Citation: Kitaev, A. Yu. "Unpaired Majorana fermions in quantum wires." Physics-uspekhi 44.10S (2001): 131.
Web: https://arxiv.org/abs/cond-mat/0010440
Tags: Foundational, Physical, Majorana-fermions, Hardware
This is the paper which introduces the idea of quantum computing with Majorana fermions. It is based on one-dimensional systems, with quasiparticles created at endpoints. The method proposed doesn't have a natural way to construct gates, so its more of a "quantum memory" system than a "quantum computing" one. By cleverly braiding one can implement all Clifford operations. T-gates can then be obtained by non-topologically-protected methods.

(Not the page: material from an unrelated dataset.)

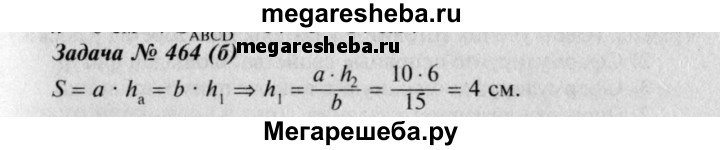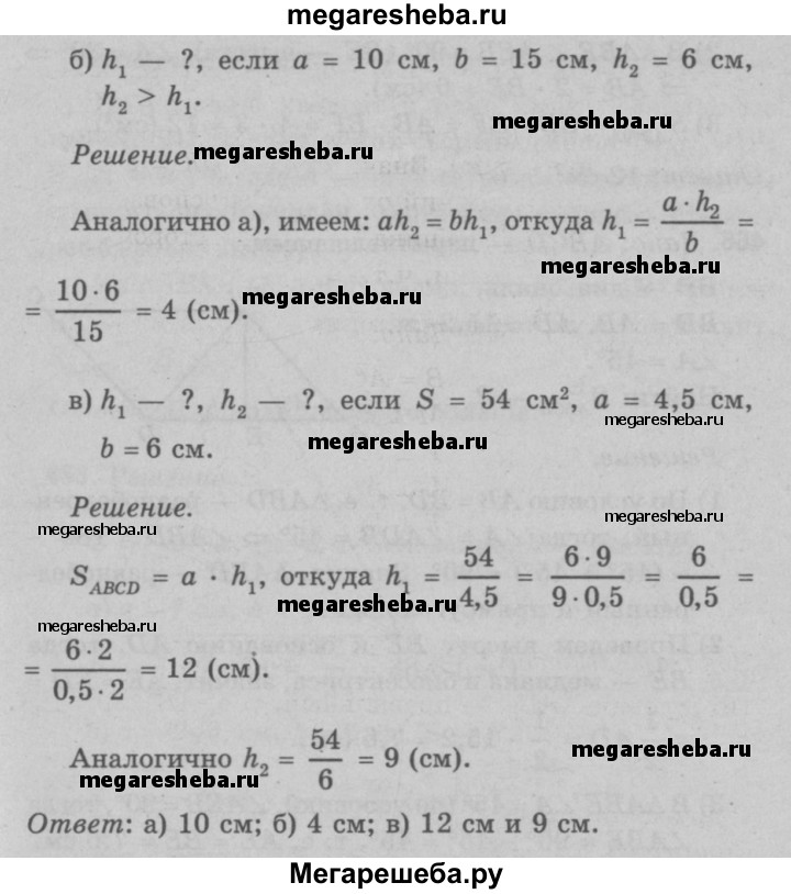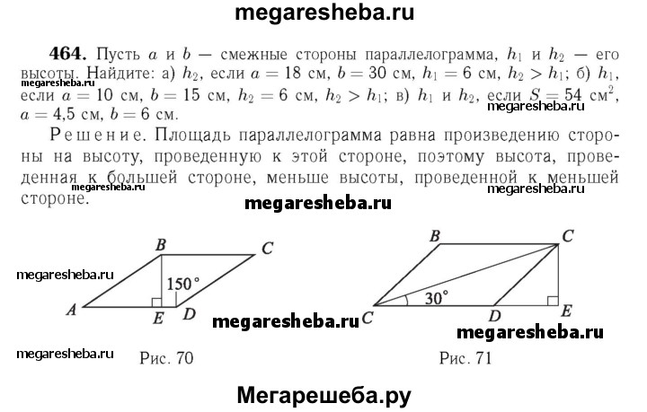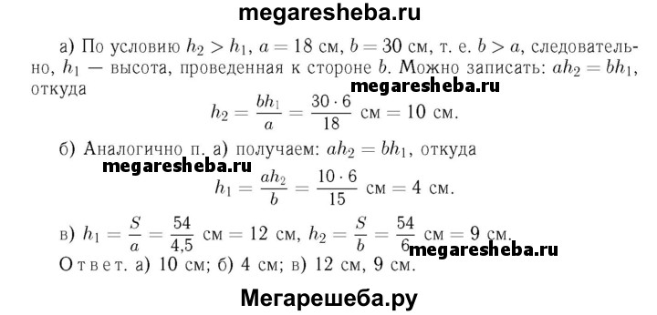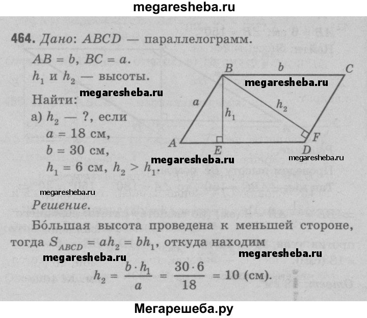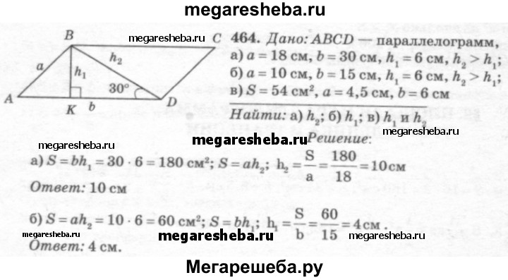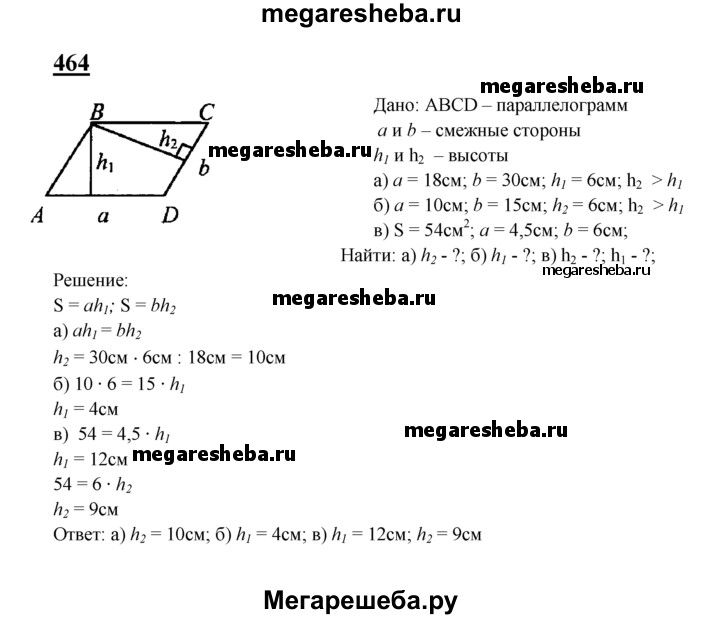 464 В Пусть а и b — смежные стороны параллелограмма, S — площадь, а h1, и h2 — его высоты. Найдите: а) h2, если а =18 см, Ь = 30см, h1 = 6 см, h2>h1; б) h1 если а = 10 см, b =15см, h2 = 6 см, h2 > h1;в) h1, и h2, если S = 54 см2, а = 4,5 см, b = 6 см.

The model itself is a one dimensional wire with n sites. The Hamiltonian has two terms: a nearest neighbor hopping term, and a nearest number pairing term which corresponds to giving neighbors some probability of forming Cooper pairs. This is what makes the Hamiltonian a toy model for (p-wave) superconductors.
This is not the first paper which considers quantum computation with Fermionic systems. Kitaev has an earlier work on this topic with Sergey Bravyi:
> Bravyi, Sergey B., and Alexei Yu Kitaev. "Fermionic quantum computation." Annals of Physics 298.1 (2002): 210-226.
These Majorana quasiparticles are bound to topological defects (in this case, boundary components) with zero energy, and hence they are known as Majorana bound states, or Majorana zero modes. Even though this work does not consider the braiding of these anyons, this is certainly a topic that has been considered in depth:
> Kauffman, Louis H., and Samuel J. Lomonaco Jr. "Braiding with majorana fermions." Quantum Information and Computation IX. Vol. 9873. SPIE, 2016.
Microsoft's approach to building a topological quantum computer is primarily via (non-abelian) Majorana zero modes:
> Sarma, Sankar Das, Michael Freedman, and Chetan Nayak. "Majorana zero modes and topological quantum computation." npj Quantum Information 1.1 (2015): 1-13.
The major takeaway from this paper is that special types of superconductors will naturally have Majorana fermions associated to them. Those Majorana fermions are non-abelian anyons, and they can be used for topological quantum computation. A more modern/pedagogical introduction to the Kitaev wire model and its applications is found in
> Leijnse, Martin, and Karsten Flensberg. "Introduction to topological superconductivity and Majorana fermions." Semiconductor Science and Technology 27.12 (2012): 124003.